The study of the two polymorphs of 3,4-dimethoxycinnamic acid (DCMA) present some interesting contrasts (Mishra et al., 2015). The original triclinic form I (Desiraju et al., 1984) has a layer arrangement with obvious slip or cleavage planes. Although only half of the molecules are set up for photoreaction, it is observed that the crystals exhibit photosalient behavior and jump after irradiation. This is consistent with `Kaupp-behavior' and release of strain through massive dislocations in the slip planes. By contrast, in the newly discovered form II the molecular packing has an interlocking zigzag pattern. The molecular conformations are more similar to the final product truxillic acid and so the photoreaction in this polymorph is more `Schmidt-like'.
The use of a nanoindentation method confirms the higher mechanical stiffness of the new form II. Whether this technique will be a game changer in understanding the many complexities of solid-state reactions remains to be seen. The nanoindentation method requires access to suitable crystal faces, which might be limited in some organic crystals. Overall it is clear that measurement of mechanical properties of organic crystals has long been neglected and a ready technique that can be applied at the level of relatively small individual crystallites could provide useful insights not otherwise available.
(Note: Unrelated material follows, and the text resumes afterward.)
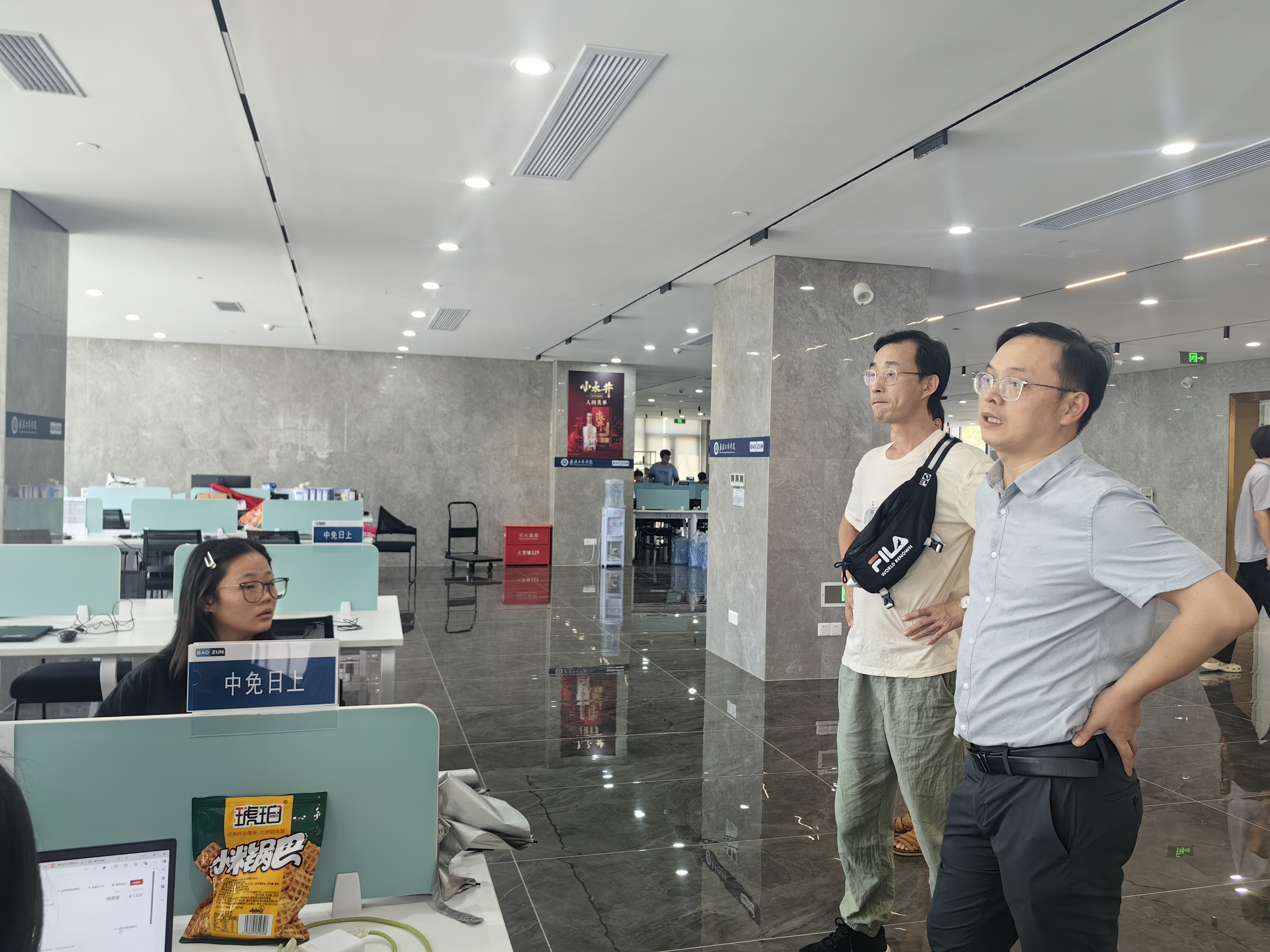 随着应用技术学院院长金学武和党总支书记朱威的引领,2022级辅导员田真,柳燕,李梦洁,李娟走进了实习生专属的工作区域。这里,每一寸空间都透露着精心设计的考量——开放式的办公区鼓励着交流与合作,个性化的工作站则让每个实习生都能找到归属感。“我们致力于为实习生提供最接近真实职场的环境,让他们在这里不仅能够学到专业技能,更能提前适应职场生态。”企业负责导师王媛介绍道,她的言语中充满了对实习生成长的关怀与期待。

Bringing ancillary techniques to bear on a problem can give surprises, as well. For example through 13C-CPMAS solid-state NMR studies, Fonseca et al. (2009) have shown that reaction rate is not well correlated with C=C separation and reaction in α-o-ethoxycinnamic acid (d = 4.53 Å) is 2× that of the o-methoxy analogue (d = 4.12 Å). It appears to propagate in a two-dimensional manner from internal nuclei, rather than in a one-dimensional manner from the surface. Careful 13C-CPMAS NMR studies of the photodimerization of the two DCMA polymorphs and conversely nanoindentation measurements on systems such as the α-forms of o-methoxy- and o-ethoxycinnamic acids would provide a useful cross-correlation study of the two methods and indicate whether mechanical properties can indeed dominate in the progress of these solid-state reactions.